Sörnäistenlaituri 2020

28julAll Day30sepSörnäistenlaituri 2020

Event Details

We’re proud to show the work of the following artists:

Robin Alysha Clemens, Netherlands
Yo soy otro tú, tú eres otro yo

Mexico is a country that has embraced, accepted, challenged and fought various traditions and religions throughout its history: Starting with the indigenous rituals of the Mayans and Aztecs, then Catholicism imposed by the Spanish colonists to the various cultural influences from Africa and from Latin and North America. While the majority of Mexicans identify as Catholics, the influences of indigenous customs and animistic traditions prior to the colonization are still present today. Mexico is a country where different mystical and religious traditions blend and mutate against a backdrop of a complex political and social history. Yo soy otro tú, tú eres otro yo is a portrayal of the Mexican people and their faith. Photographer Robin Alysha Clemens travelled to Mexico to meet, interview and photograph over 60 believers: Curanderos (spiritual healers), shamans, Catholics, Buddhists, nuns, brujas (witches), supporters of Santa Muerte (Our Lady of Holy Death), spiritual midwives, videntes (seers), new age spiritualists, artists and indigenous people like the Nahua, Seri and Yaqui. Focusing on the diversity of contemporary spirituality in Mexico, this project explores the unseen and unveils the underlying similarities between these spiritual practices. Clemens looks beyond the altars, icons and religious symbols, to capture the people behind these beliefs.

Author Biography
Robin Alysha Clemens (1992, NL) is an Amsterdam based photographer whose work revolves around subcultures and exploring different worlds. Her work visualizes scenes where identity and a sense of place are omnipresent. As a storyteller she is inspired by cinema: She creates theatrical images where light, or more often the absence of light, is most important. She graduated with her Bachelor of Design at the Royal Academy of Arts in The Hague in 2016. The artist creates autonomous projects as well as works for clients, including The Correspondent, Het Parool and Natwerk. Her work has been exhibited during the Dutch Design Week, Photography Festival Naarden, Melkweg Expo and in TETEM, among others.


Tom Atwood, United States
Kings & Queens in Their Castles

Kings & Queens in Their Castles has been called one of the most ambitious photo series ever conducted of the LGBTQ experience in the USA. Over 15 years, Atwood photographed more than 350 subjects nationwide, including nearly 100 celebrities.
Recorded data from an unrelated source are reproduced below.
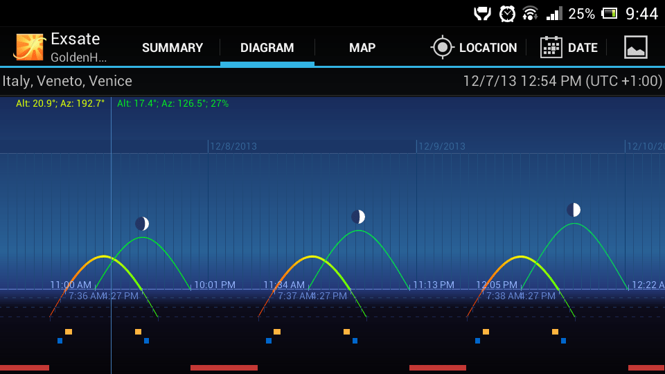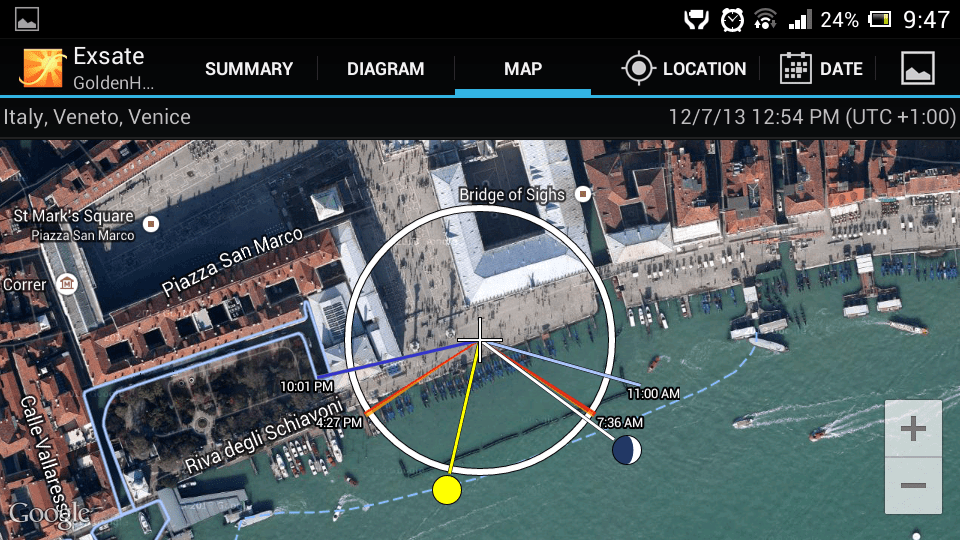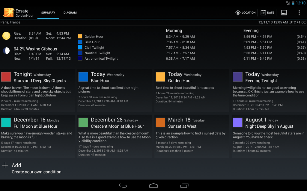 Exsate Golden Hour ne traži vezu s Internetom da bi radio, a samo jedan od razloga zašto bi svaki fotograf profesionalac ili amater trebao imati ovu aplikaciju na svojem pametnom telefonu s Androidom, krije se u činjenici da je koristan i onda kada valja kalkulisati vremena za kompleksne scenarije. Primjerice, kada je najbolje fotografirati udaljene objekte na nebu ili kada je najbolje fotografisati puni Mjesec u doba plavoga sata. U svakom slučaju – korisno.
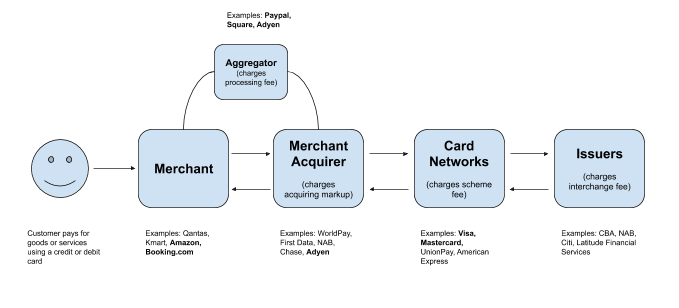 However, in reality, the transaction data from your coffee purchase passes through a complicated chain of different entities. We’ve drawn a simplified flow chart below that maps the main entities.
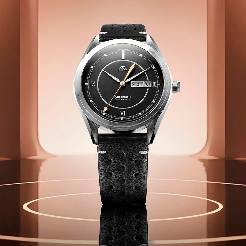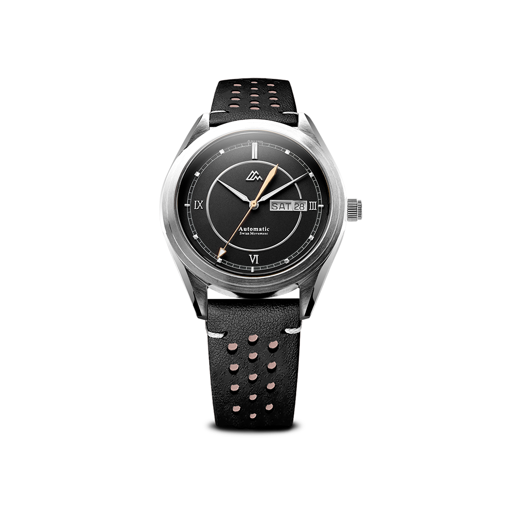 Exclusive interchangeable Perforated Black Leather strap designed specifically for the effortless switch between looks to transform your watch to match any occasion.
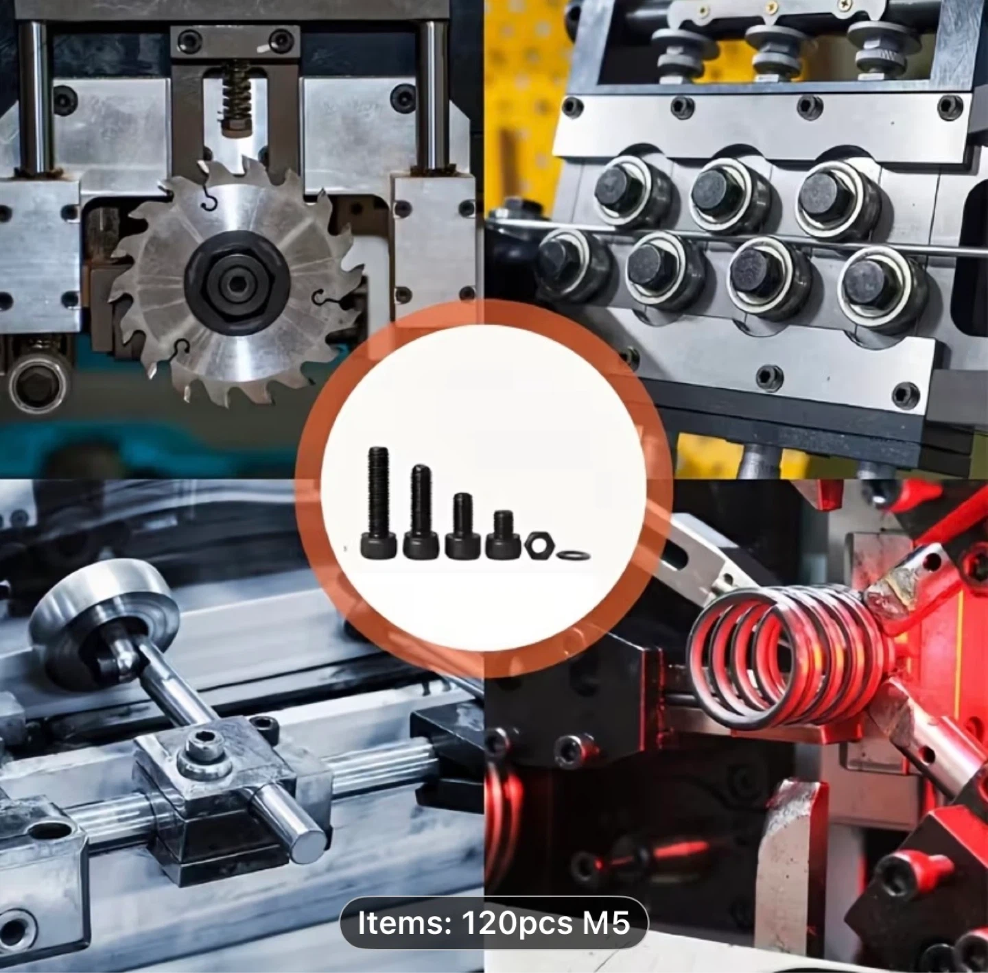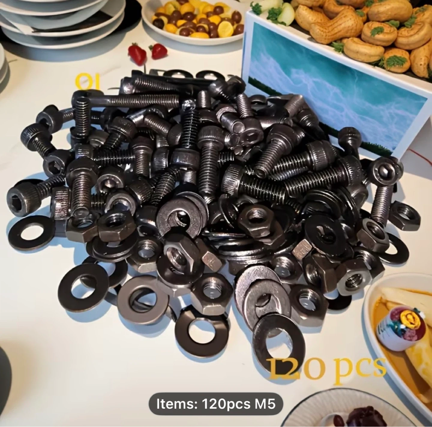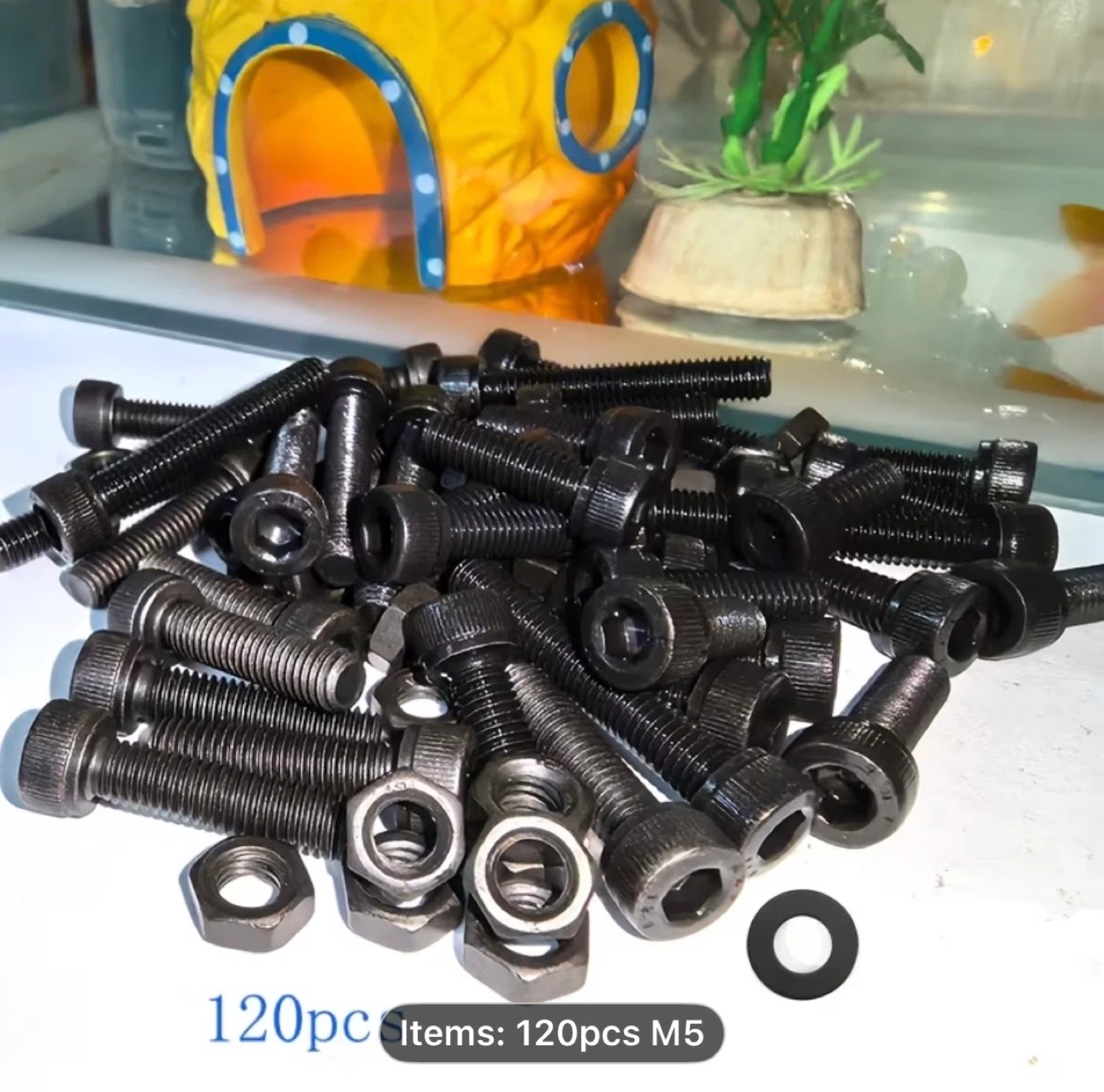 A Set of 120 Black Hex Screws And Nut Washers, M5 Size

With individuals from 30 states, Atwood offers a window into the lives and homes of some of America’s most intriguing and eccentric personalities, by photographing them at home in their trusted private spaces. Modern day tableaux vivants, the images portray whimsical, intimate moments of daily life that shift between the pictorial and the theatrical. Alongside creatives such as artists, fashion designers, writers, actors, directors, music makers and dancers, the series features business leaders, politicians, journalists, activists and religious leaders. It includes those who keep civilization running, such as farmers, beekeepers, doctors, chefs, bartenders and innkeepers. Some miscellaneous athletes, students, professors, drag queens and socialites. As well as a cartoonist, barista, poet, comedian, navy technician, paleontologist and transgender cop. Also showcased are urban bohemians, beatniks, mavericks and iconoclasts, many of whom blossomed in the 1960s and 1970s but seem to be slowly disappearing.

Author Biography
Tom Atwood’s recent work has focused on portraits of people at home. He has shot over 100 luminaries including Hilary Swank, Julie Newmar, Buzz Aldrin, Mark Wahlberg (Marky Mark), John Waters, Don Lemon, Tommy Tune, Meredith Baxter, Greg Louganis, Barney Frank, George Takei, Todd Oldham, Edward Albee, Ross Bleckner and Leslie Jordan. His second book, Kings & Queens in Their Castles, was recently published by Damiani. The book won multiple awards including First Place in the International Photography Awards (book category) as well as a Lucie Award (book-other category). Atwood won Photographer of the Year from London’s Worldwide Photography Gala Awards, as well as first place in Portraiture. He won first place in Portraiture in the Prix de la Photographie Paris. And he was included in the National Portrait Gallery’s Outwin Boochever Triennial (Smithsonian Museum). Atwood’s work has exhibited at the National Portrait Gallery, George Eastman Museum, Annenberg Space for Photography, Griffin Museum of Photography, Center for Fine Art Photography and Museum of Photographic Arts, as well as at galleries nationwide, most recently ClampArt in NY, Steven Kasher Gallery in NY, Louis Stern Fine Arts in LA and Farmani Gallery in LA. Atwood has a Bachelors from Harvard University and a Masters from Cambridge University (England).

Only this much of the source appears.